Gradient question

Hello pytorch community,

Consider a neural network N_\theta(x) which outputs y. Then consider an iterative method F applied on y that outputs z.

I need to calculate a loss which is L(\theta) = |z_real - z_prediction|. However, the gradients can not flow through F as it is an iterative method (as far as my limited understanding goes).

If I would represent the gradient flow from z to x I would have:

d z/d_\theta z = d_z/d_y d_y/d_\theta

What should I do with the term d_z/d_y? Is it possible to put it to 1 somehow?

Thanks in advance.

If F is backpropagable then they will go through F.

Think that your big graph is:
y -->F_iter(y)–>z
But it can be decomposed in
y -->F(y)–>z_1–>F(z_1)–>z_2–>F(z_2)–>…–>z_n–>F(z_n)–>z
Where you have all upstream and downstream gradients.
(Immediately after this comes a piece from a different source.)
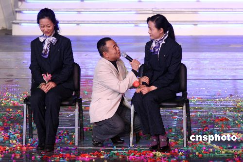 1月9日,2008年新春文藝晚會在河南藝術(shù)中心大劇院舉行,潘長江和在晚會現(xiàn)場找來的比自己小24歲的年輕媽媽以及一名20多歲的年輕媳婦作為搭檔共同表演小品《兩個對我恩重如山的女人》。中新社發(fā) 陳代述 攝

And so Dz/Dy will be computed via chain rule as any other op in pytorch. You can in fact check it by calling your iterative function with a random vector, suming the output to obtain a scalar and then backprop it up to the random tensor and check wheter it has a gradient or not.
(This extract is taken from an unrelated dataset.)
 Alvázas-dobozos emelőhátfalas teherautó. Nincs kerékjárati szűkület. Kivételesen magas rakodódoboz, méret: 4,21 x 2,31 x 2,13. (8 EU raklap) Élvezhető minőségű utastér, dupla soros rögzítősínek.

Unfortunatedly, F is not backpropagable in this case. I wonder:

  1. What would happen if I just set Dz/Dy just to one (in a theoretical sense)?
  2. Is it possible to do that in pytorch? Perhaps, I could just get Dy/Dtheta and then multiply by z_target-z_prediction.

Can you share a minimal reproducible error of this? It’ll be easier for people to help if they have a code snippet they can visualize and correct themselves!